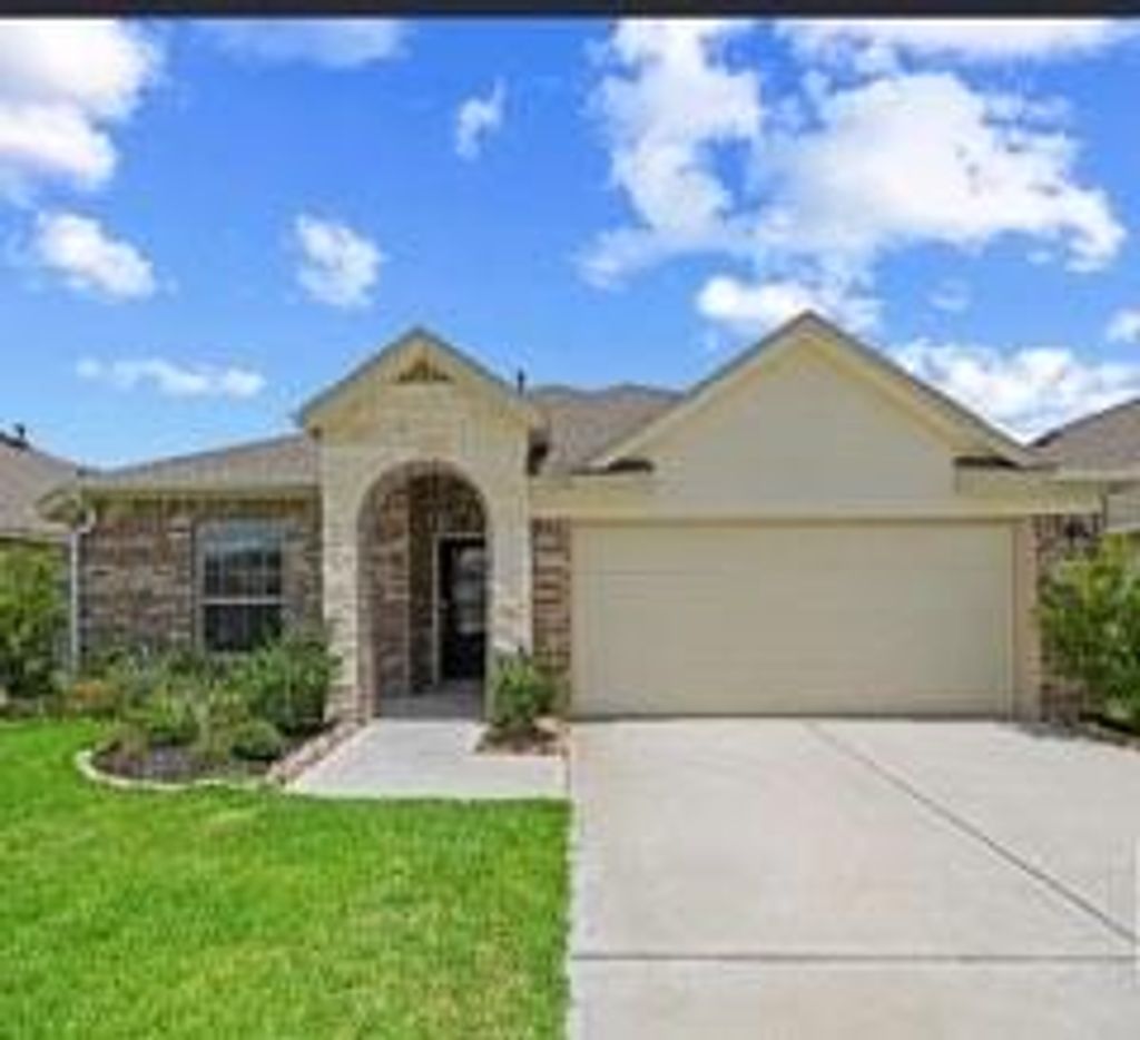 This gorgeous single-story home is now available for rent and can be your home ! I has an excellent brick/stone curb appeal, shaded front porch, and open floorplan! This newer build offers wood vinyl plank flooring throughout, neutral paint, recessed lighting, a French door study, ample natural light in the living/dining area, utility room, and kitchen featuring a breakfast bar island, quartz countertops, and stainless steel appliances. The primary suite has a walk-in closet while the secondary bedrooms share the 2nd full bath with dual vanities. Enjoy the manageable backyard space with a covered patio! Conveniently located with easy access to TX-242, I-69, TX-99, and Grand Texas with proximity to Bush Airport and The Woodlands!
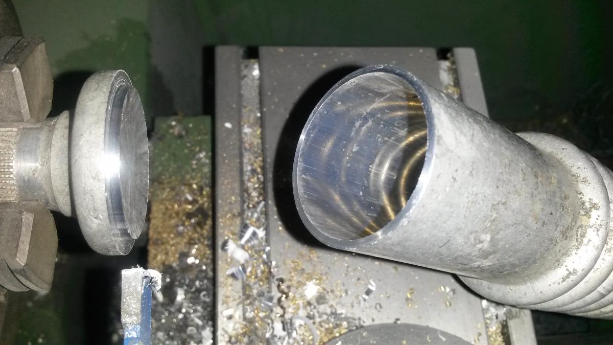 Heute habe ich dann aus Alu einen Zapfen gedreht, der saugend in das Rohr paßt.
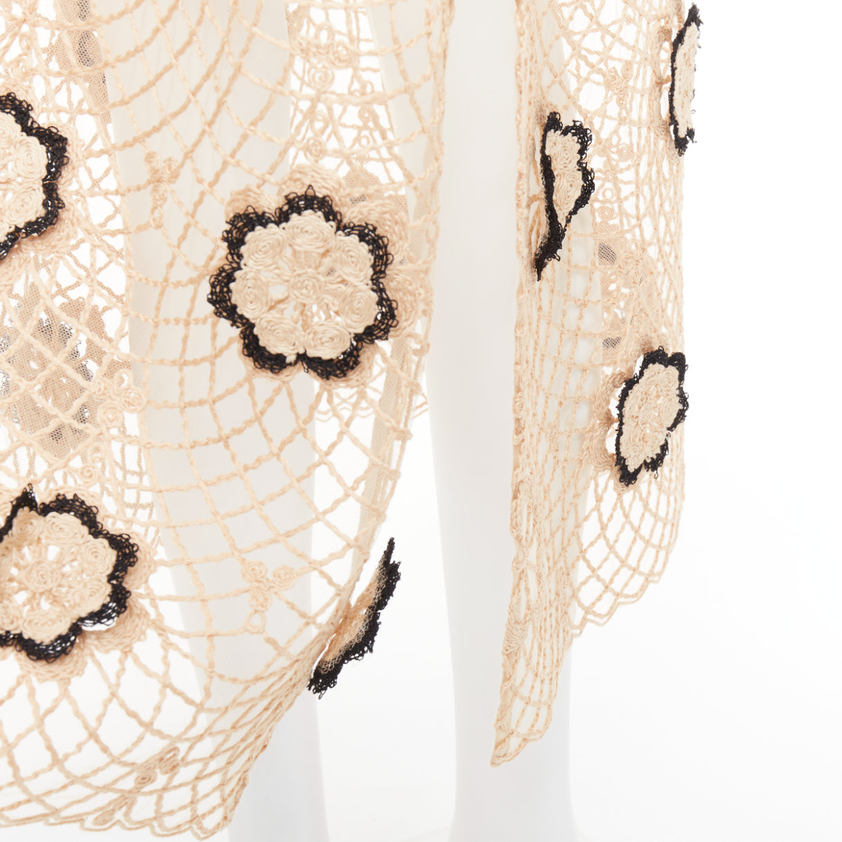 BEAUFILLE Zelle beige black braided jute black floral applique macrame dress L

*Task statement:*
Skipping all images, output the listing exactly.

*Written response:*
 This gorgeous single-story home is now available for rent and can be your home ! I has an excellent brick/stone curb appeal, shaded front porch, and open floorplan! This newer build offers wood vinyl plank flooring throughout, neutral paint, recessed lighting, a French door study, ample natural light in the living/dining area, utility room, and kitchen featuring a breakfast bar island, quartz countertops, and stainless steel appliances. The primary suite has a walk-in closet while the secondary bedrooms share the 2nd full bath with dual vanities. Enjoy the manageable backyard space with a covered patio! Conveniently located with easy access to TX-242, I-69, TX-99, and Grand Texas with proximity to Bush Airport and The Woodlands!
 Heute habe ich dann aus Alu einen Zapfen gedreht, der saugend in das Rohr paßt.
 BEAUFILLE Zelle beige black braided jute black floral applique macrame dress L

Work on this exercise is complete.